C’era da aspettarselo: la pronuncia della Cassazione era il passo successivo all’abrogazione della legge Fini-Giovanardi decisa dalla Corte costituzionale nello scorso febbraio. Ora, la Suprema Corte ha stabilito che i condannati per droga potranno rinegoziare le pene al ribasso, essendo venuto meno il dispositivo giuridico tramite cui sono stati condannati in prima battuta.

La sentenza diffusa ieri da parte delle Sezioni Unite della Cassazione, presiedute dal primo presidente Giorgio Santacroce, ha due volti. Da una parte, costituisce l’ennesimo intervento che ribalta l’ordine sanzionatorio e giurisprudenziale in fatto di possesso e spaccio di stupefacenti; dall’altra, però, potrebbe favorire la posizione del governo sull’altro pronunciamento, quello che pende da ormai un anno sull’Italia in merito alla situazione delle carceri nella penisola. Sovraffollamento, situazioni al limite della sopportabilità umana, strutture fatiscenti e, in generale, un’occupazione di molto superiore alla reale capienza delle strutture presenti nel territorio hanno portato la Corte europea dei diritti umani a condannare il nostro Paese.

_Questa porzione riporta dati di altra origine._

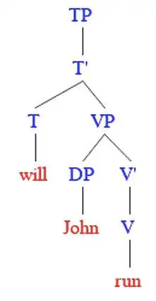 This refers to the fact that every individual piece of a syntactic structure is part of a particular category[1] (i.e. “John” is a member of the category Noun and “run” is a member of the category Verb). The Projection Principle requires that reference to these categories surfaces at every level of a syntactic phrase structure.[2] This requires a knowledge of arguments and internal structures. “John” may be a noun, but nouns are always dominated by a determiner phrase (DP). The verb “run” does not select for the noun “John”, but rather it selects for the DP “John”. The Projection Principle simply states that when notating the syntactic structure of a sentence such as “John runs fast.”, we must specify at every level what lexical category each piece of the sentence belongs to[2] Two common ways of notating the syntactic structure of a sentence under X-Bar Theory include bracketing and tree drawing.
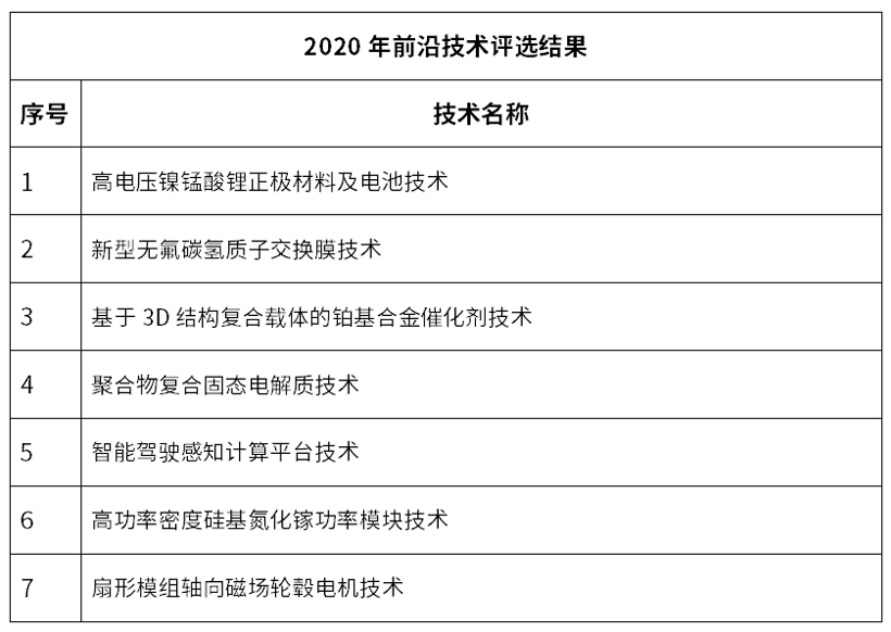 “前沿技術(shù)”則是指具有前瞻性、先導(dǎo)性和探索性的重大技術(shù),可成為新能源汽車未來產(chǎn)品技術(shù)更新?lián)Q代和推動產(chǎn)業(yè)發(fā)展的重要基礎(chǔ)性技術(shù)。以下為評選結(jié)果:
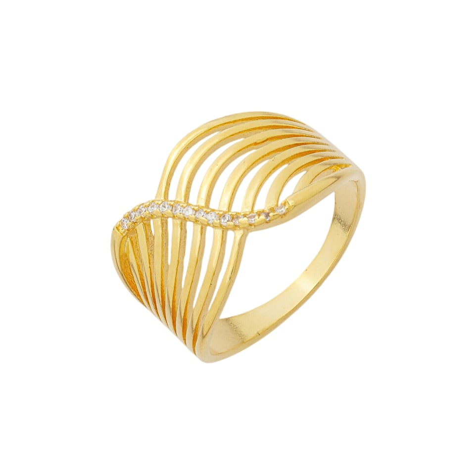 Anel onda trabalhado e com pedras 1,0mm zircônia colorida BANHO DE OURO
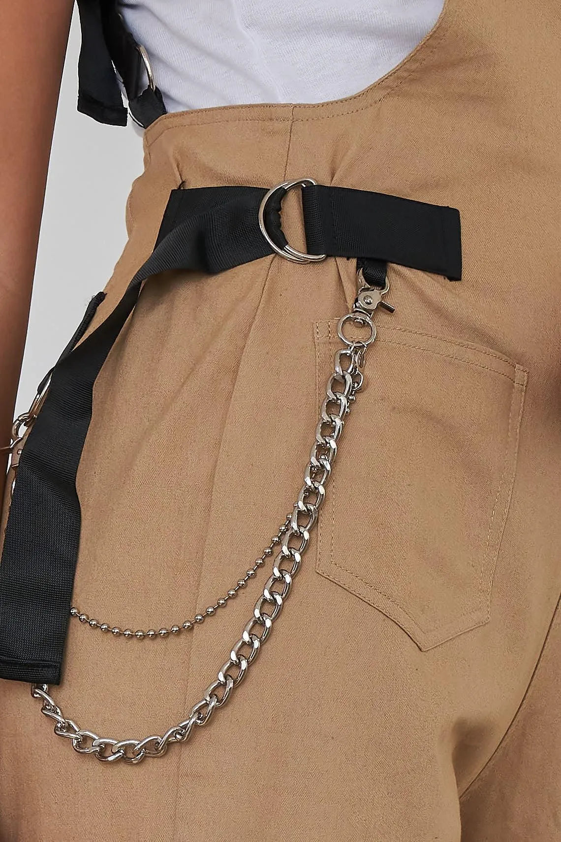 Khaki Print Zip Pocket Hardware Chained Cargo Overalls
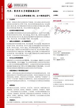 [汽车整车]2023-06-11-国联证券-汽车:乘用车5月销量数据点评:5月自主品牌份额超50%,出口维持高景气-7页(银创产业通www.chanyetong.net)
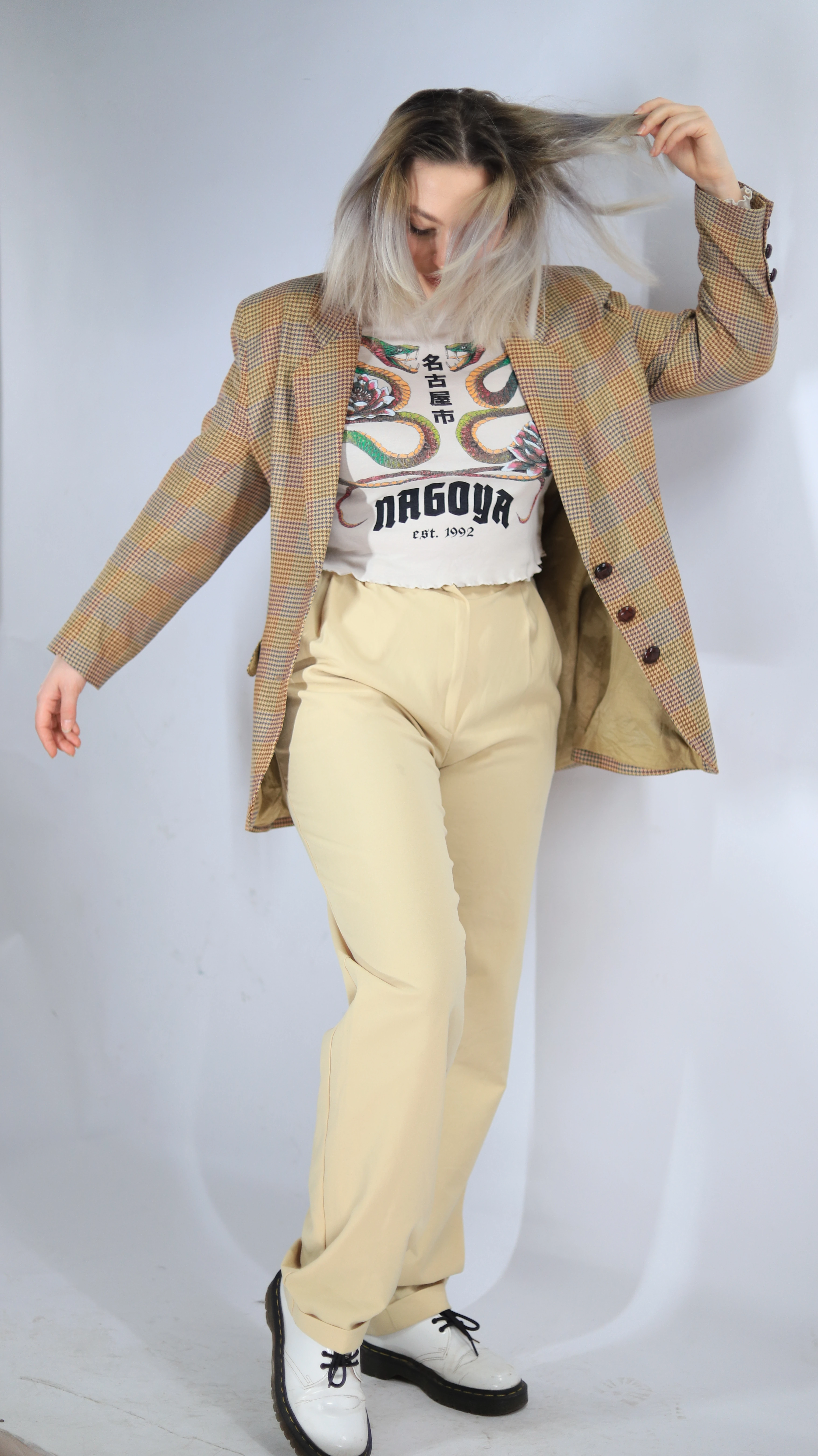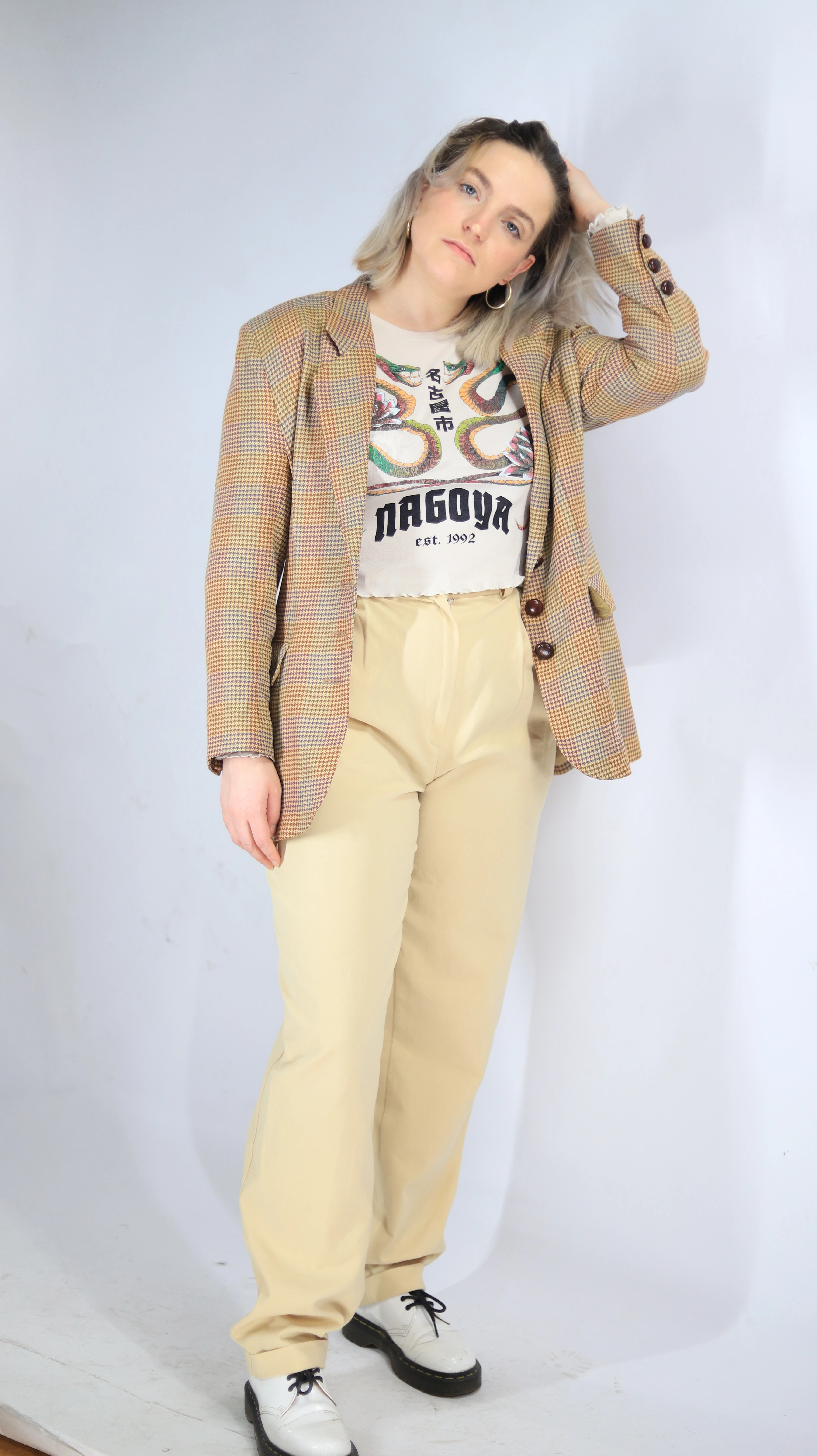 „Imádom a nagypapa szabású ruhákat, mint ez a zakó vagy nadrág. Elegánsak, de otthonosak, egyszerűen mindent feldobnak.”
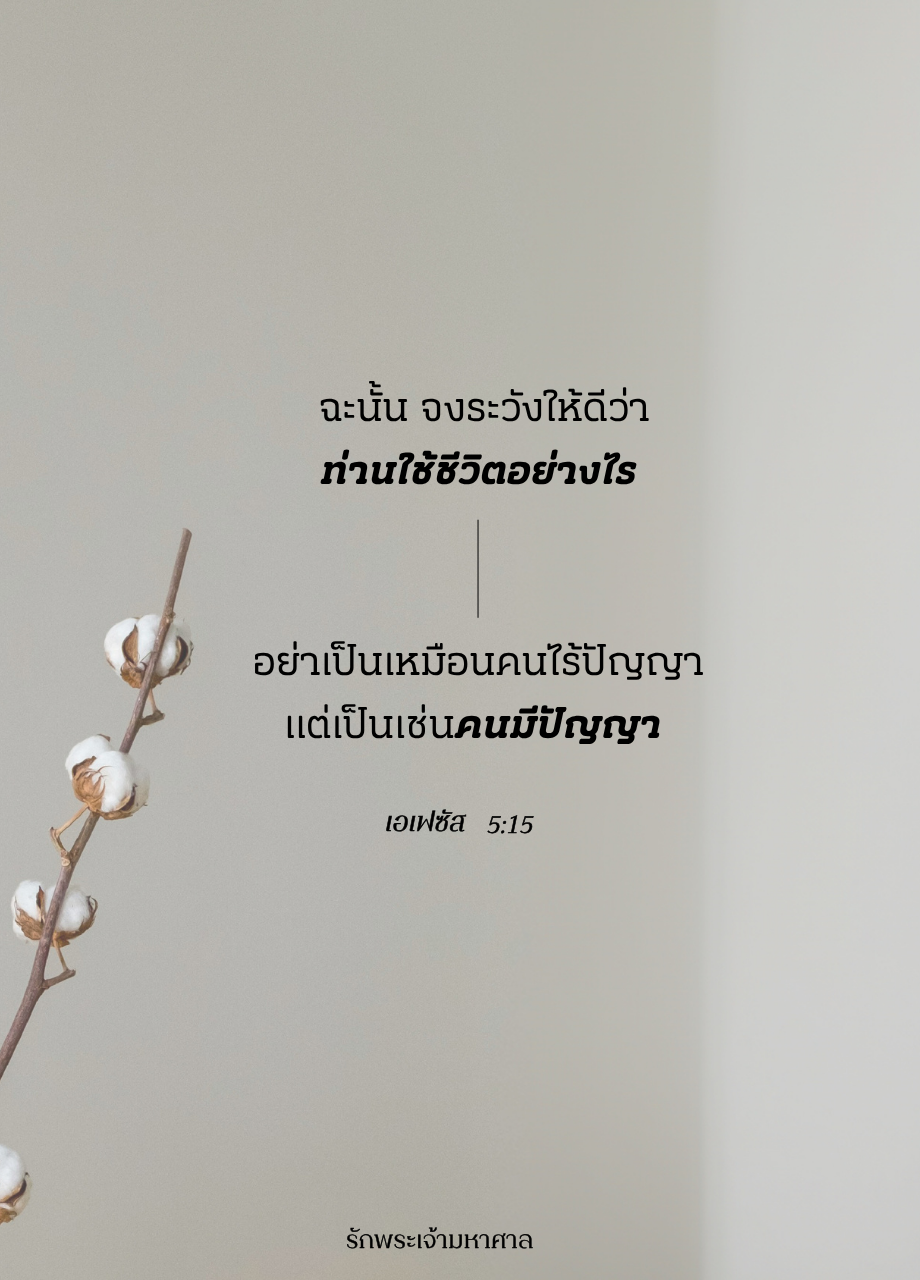 อธิษฐาน พระเยซู ขอบพระคุณพระองค์ที่เป็นพระเจ้าแห่งสติปัญญาทั้งสิ้น โปรดช่วยข้าพระองค์ให้ดำเนินชีวิตอย่างชาญฉลาด มิใช่ชีวิตที่ไร้ปัญญา ข้าพระองค์อธิษฐานขอให้พระองค์ล้อมรอบข้าพระองค์ด้วยพี่น้องร่วมความเชื่อผู้ที่จะช่วยข้าพระองค์ในการยอมเชื่อฟังพระองค์ทุกวัน อาเมน
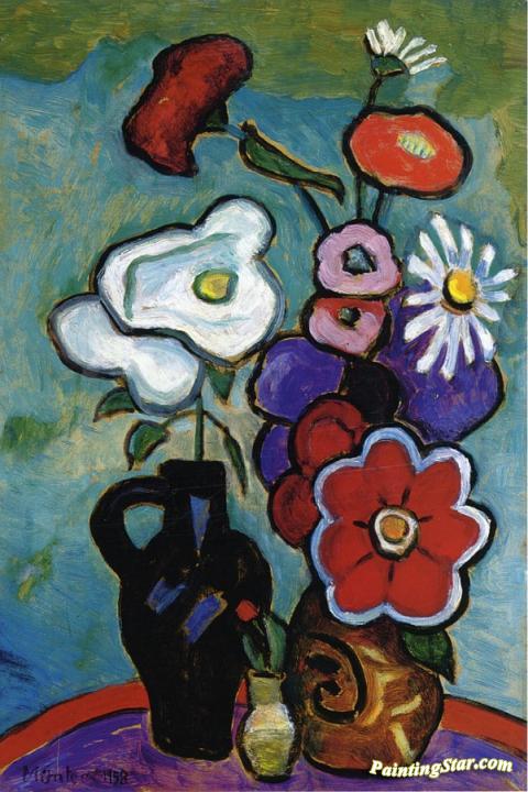 Flowers With White Rose, Art Painting by Gabriele Münter
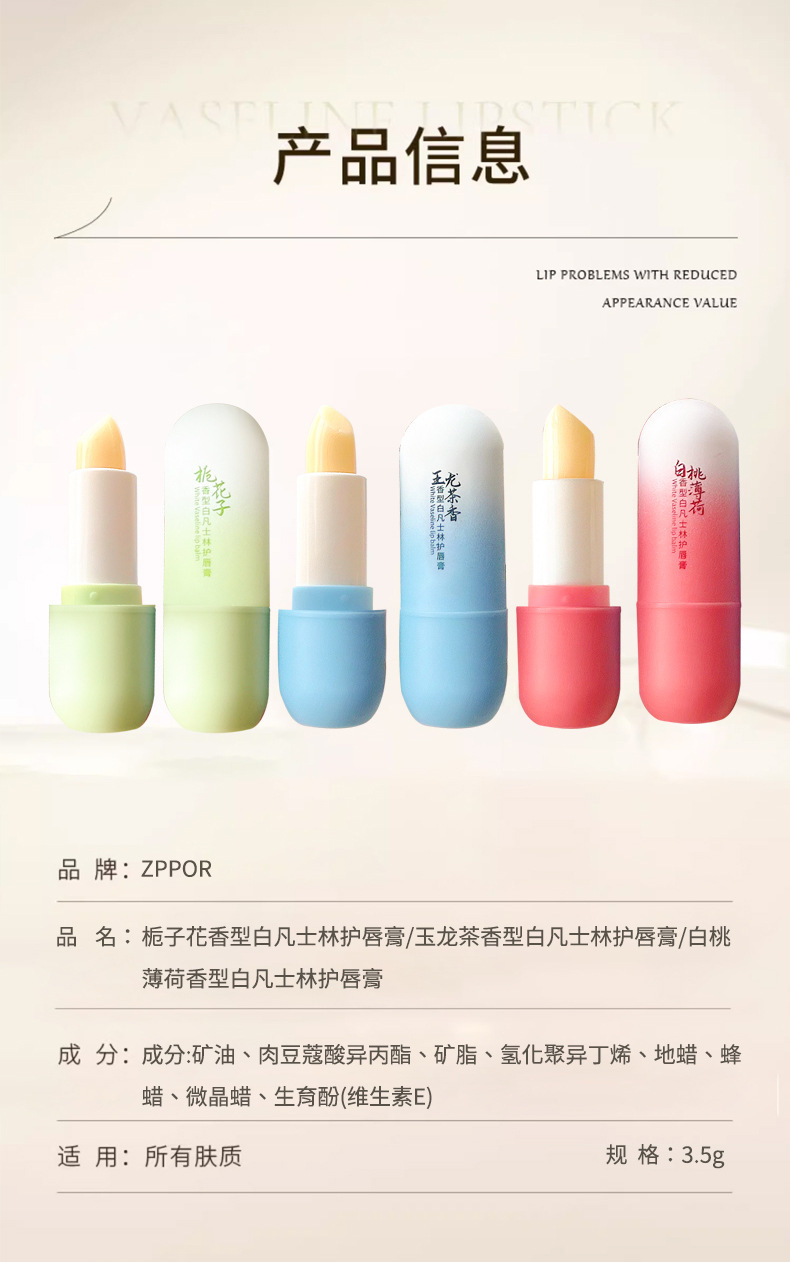 ZPPOR白ワセリン補水潤唇クリーム保湿潤唇クリームクチナシ花冬潤唇クリーム卸売り代発
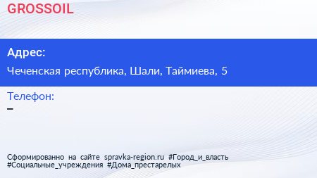 GROSSOIL по адресу Чеченская республика, Шали, Таймиева, 5 в дальнейшем Организация, размещена в следующих категориях:
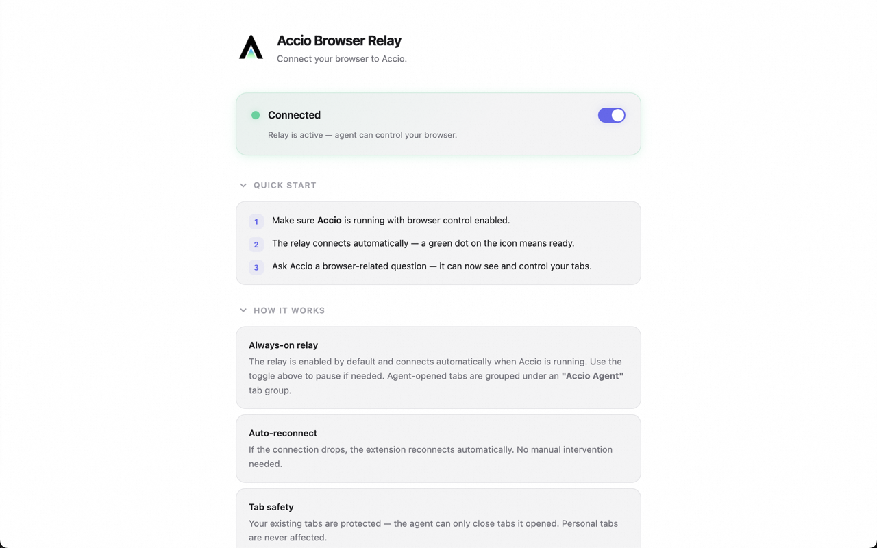 Accio Browser Relay 将 Accio 连接到您已打开的 Chrome 选项卡,允许代理通过本地浏览器中继(而不是单独的浏览器会话)检查页面并与之交互。
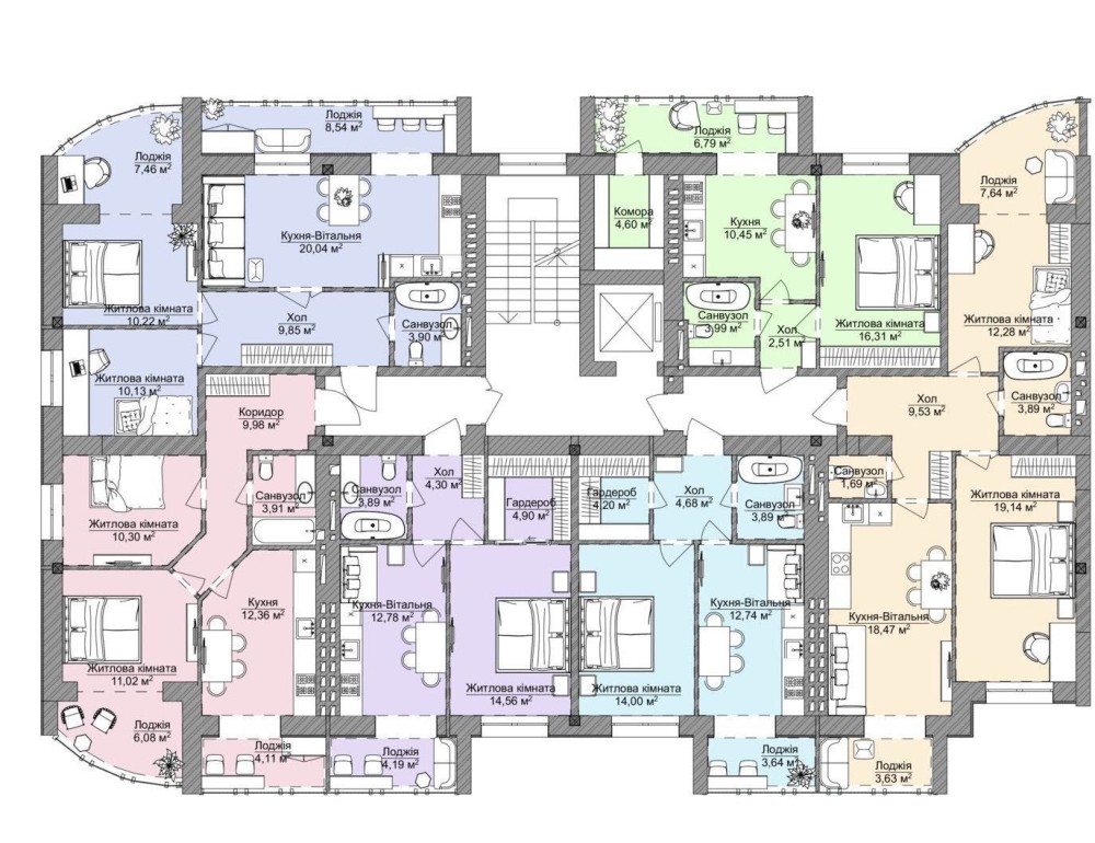 2 кімнатні площею від 65-70кв.м
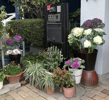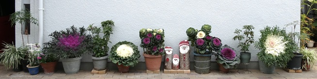 昨日、植え付けしたハボタンたちを朝のうちに事務所前に飾りました。今年は作業の時期が早かったので、切り株サンタはクリスマスまで残します。
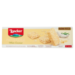 Con Fiocchi di Cocco finemente sminuzzati e cioccolato bianco con 100% Latte Alpino non OGM Senza aromi né coloranti aggiunti Non OGM Nuova ricetta + gusto + sostenibile Più che buono* * La copertura di cioccolato bianco, decorata con fiocchi di cocco delicatamente sminuzzati, abbraccia una deliziosa crema al cocco tra due cialde fragranti. L'aroma esotico delizia il palato e libera la fantasia.
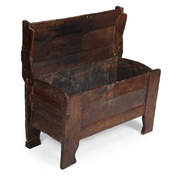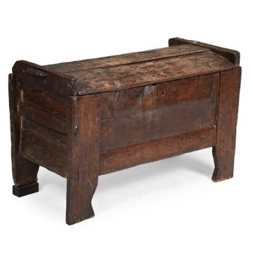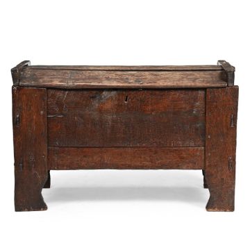 A RIVEN OAK ARK PROBABLY ENGLISH, 16TH OR 17TH CENTURY 72cm high, 111cm wide, 54cm deepProvenance: Works of Art from the collection of the late Roger Warner Esq, offered by his family Condition Report: Marks, scratches and abrasions, old chips and splits comensurate with age and use.Some old losses and repairs. Some elements are loose in their position, to varying degrees, as expected for age and constructionThe main timber elements of the chest/ ark appear to be original although the rear feet sit on later blocks to be more level. One panel of the lid of the ark is detached and needs re-securing. A number of peg/ dowel joints have been variously replaced at various dates and several are fairly modern/ new. There are some later cuts/ incisions and adaptions that appear mainly to be there for the reason of re-fitting/ re -securing the lid. (Please refer to all additional images for visual to reference to these notes and condition generally). Some fading and discoloration comensurate with age and use. Please refer to all additional images for visual reference to condition. Condition Report Disclaimer

Ma le ricadute immediate della sentenza della Cassazione, ovviamente, si potranno riscontrare sul piano dei reati legati agli stupefacenti.

 

Quali saranno, dunque, gli effetti della sentenza dopo la bocciatura della Fini-Giovanardi da parte della Consulta?

Venuta meno la legge del 2006 sulla droga, è infatti tornata immediatamente in vigore la norma Iervolino-Vassalli, che prevede il principio del “favor rei” per le cause ancora in corso di svolgimento.

La Suprema Corte era stata chiamata a definire se “la dichiarazione di illegittimità in una norma penale sostanziale diversa dalla norma incriminatrice comporti una rideterminazione della pena “in executivis” vincendo la preclusione del giudicato”. Una questione a cui la Sezioni Unite hanno risposto positivamente, specificando che “il giudice dell’esecuzione, ferme le vincolanti valutazioni di merito espresse dal giudice della cognizione nella sentenza della cui esecuzione si tratta, ove ritenga prevalente sulla recidiva la circostanza attenuante di cui all’art. 73, ai fini della rideterminazione della pena dovrà tenere conto del testo di tale disposizione come ripristinato a seguito della sentenza della Corte Costituzionale n.32 del 2014, senza tenere conto di successive modifiche legislative”.

In sostanza, è stato riconosciuto l’effetto retroattivo sulle condanne definitive del pronunciamento della Corte costituzionale, di modo che, chi si trovi attualmente in carcere in seguito all’applicazione della legge decaduta Fini-Giovanardi, potrà chiedere di rivedere la propria condanna per sopraggiunti ragioni normative.

 

In che modo questo può influire sulla presenza in carcere dei detenuti?

I primi conteggi sostengono che dai tremila ai quattromila detenuti potrebbero beneficiare della posizione espressa dalla Cassazione, chiedendo la rinegoziazione della pena e uscire preventivamente dai penitenziari. Comunque, va sottolineato che la popolazione carceraria che deve la propria presenza in cella a reati legati agli stupefacenti conta circa 21mila persone, quasi uno su tre detenuti. Più nello specifico, gli interessati delle novità potrebbero arrivare a 9mila, cioé coloro che abbiano commesso condotte legate allo spaccio ma di lieve entità; esclusi, a tal proposito, tutti coloro che abbiano scvolto azione di spaccio di droghe pesanti con associazione a delinquere.

Dunque, potenzialmente, il governo potrebbe risolvere la vertenza europea proprio grazie all’intervento di piazza Cavour, che proprio ieri ha visto scade l’ultimatum concesso un anno fa, senza che il numero dei detenuti sia sensibilmente calato, malgrado i decreti carceri e pro pene alternative approvati nei mesi recenti.